Au début il y eut la douleur. (VI)

Je refais surface. Une fois de plus. Je me souviens avec un frémissement profond de mes évanouissements, et de ce qui me fit basculer déjà plusieurs fois… Cet étrange mélange de douleur devenue presque familière par sa récurrence et d'horrible incompréhension face à mon corps méconnaissable.

Je lutte contre l'envie presque rassurante de me laisser glisser à nouveau dans cette protectrice inconscience… Après tout, si c'est pour inéluctablement revenir à la conscience, autant lutter… tant que je le pourrai !

J'ouvre les yeux, doucement. La pénombre profonde est animée d'une blafarde lueur qui projette des ombres grotesques au plafond, où je crois reconnaître des visages, ou des corps figés, images abstraites et irréelles.

Mes bras, mes mains, sont moins douloureux au mouvement. Je serre les poings lentement et le souvenir de la hache qu'ils ont si souvent manipulée me revient, confusément. Mais quelle hache ???

Comme par ricochet, le tout récent souvenir de m'être palpé la poitrine, ces seins étrangers, m'envahit à nouveau ! Presque par réflexe, je vérifie cette absurde réalité et… de mes paumes je retrouve cette cauchemardesque réalité, ces volumes ronds et chauds, d'une certaine façon pourtant familiers… Mais d'où me vient l'idée de les avoir déjà… touchés ?

Une question terrifiante s'impose inévitablement à moi, alors que mes mains emprisonnent encore cette poitrine : étais-je encore vraiment un homme ?? Sans oser regarder ce que je crains être insoutenable, transi d'effroi, je glisse ma main droite vers mon ventre, réalisant soudain ma nudité totale. Les images fantasmagoriques au plafond, devenues floues, se figent lorsque ma paume palpe ce ventre inconnu, et il me semble y reconnaître comme un bébé recroquevillé, inerte que des bras inconnus me tendent. Une étrange douleur, comme issue de ce ventre, irradie alors en moi comme une cruelle réminiscence. Mes doigts raniment une brûlure sur cette longue cicatrice qui semble me barrer les entrailles. Ma main poursuit sa progression, traverse une toison et bientôt plonge, inéluctablement, entre ces cuisses, sans y retrouver cette virilité que je croyais pourtant familière. C'est sur un sexe inconnu que ma main se referme. Un sexe de femme, c'est indéniable.

Mon esprit vacille, balayé par l'incompréhensible irréalité de ce qui m'arrive.
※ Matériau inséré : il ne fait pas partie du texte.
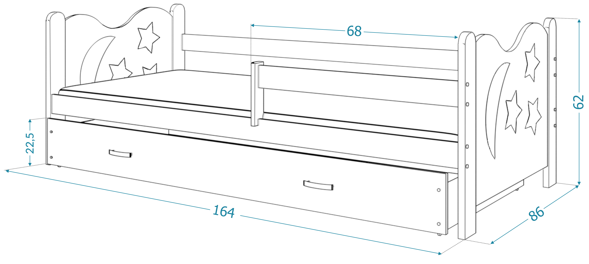 Táto detská posteľ je vytvorená tak, aby ušetrila priestor v detskej izbe. Disponuje jedným lôžkom a zásuvkou na kolieskach, čo umožní ľahké zasunutie šuplíku pod posteľ. Konštrukcia postele je prispôsobená tak, aby zabránila pádu dieťaťa, a to vďaka ochranným bariéram. Vaše dieťa sa tak bude cítiť v pokoji a bezpečí. Detská posteľ zaujme vyrezanými vzory po stranách a vytvára tak komplexný prvok, ktorý sa bude vynímať v detskej izbe.
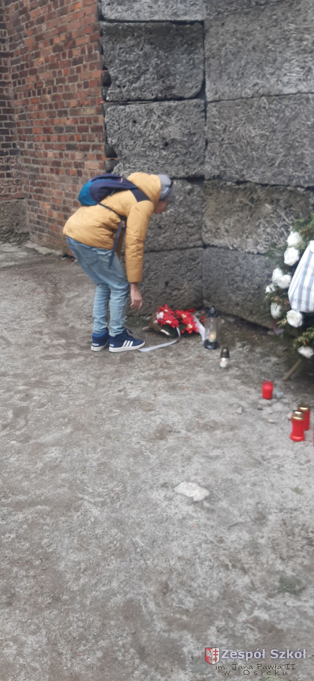 Po zwiedzeniu bloku 11, uczniowie złożyli wiązankę i pamiątkowy znicz pod Ścianą Śmierci, pod którą odbywały się egzekucje przez rozstrzelanie.

La main droite figée sur le sexe, je détache la gauche cramponnée au sein et la pose à plat sur ce ventre, pour y chercher un souvenir familier. L'image au dessus de moi se fige alors, insupportablement claire. Ce bébé inerte replié sur lui même est le mien, mort au moment même où je lui donnais la vie et c'est de ce ventre meurtri qu'est ressurgi ce douloureux souvenir.
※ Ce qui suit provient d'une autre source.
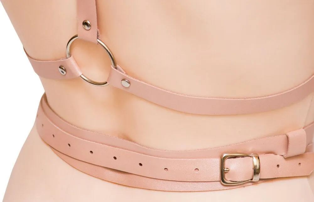 Портупея с двойным ремнем подойдет для повседневного ношения поверх одежды, а также для создания необходимого образа во время ролевых игр. Портупея выполнена из натуральной кожи светло-розового цвета, спереди ее украшает переплетение ремней с пряжками, а сзади ремни на талии накладываются один на другой. Надев данный аксессуар, Вы сможете подчеркнуть свой дерзкий стиль и раскрыть всю страстность своей натуры.

Cette autre douleur m'emporte une fois de plus. Mais je reviendrai sans doute, me dis-je aussi.

04:22 Écrit par Mister H Lien permanent | Commentaires (4) | Envoyer cette note |  Facebook |

06.11.2003

Au début il y eut la douleur. (V)

Il fait plus sombre lorsque je me réveille à nouveau, mes yeux me font moins mal.
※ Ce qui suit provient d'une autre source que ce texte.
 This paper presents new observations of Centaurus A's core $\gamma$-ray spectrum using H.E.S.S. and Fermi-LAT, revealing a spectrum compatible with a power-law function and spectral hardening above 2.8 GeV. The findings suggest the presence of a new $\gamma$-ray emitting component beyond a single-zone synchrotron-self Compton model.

La puanteur infâme m’enveloppe encore. Je dois baigner dans une vase nauséabonde, faite de putréfaction, d’excréments et autres déjections que je ne saurais nommer. J’ai un haut le cœur qui fait exploser une nouvelle gerbe de douleur dans mes entrailles et qui me terrasse. J’exhale un cri d’agonie, feulement rauque qui me rappelle celui qui s’est échappé de moi, lorsque la balle m’a atteint et m'a déchiré la poitrine.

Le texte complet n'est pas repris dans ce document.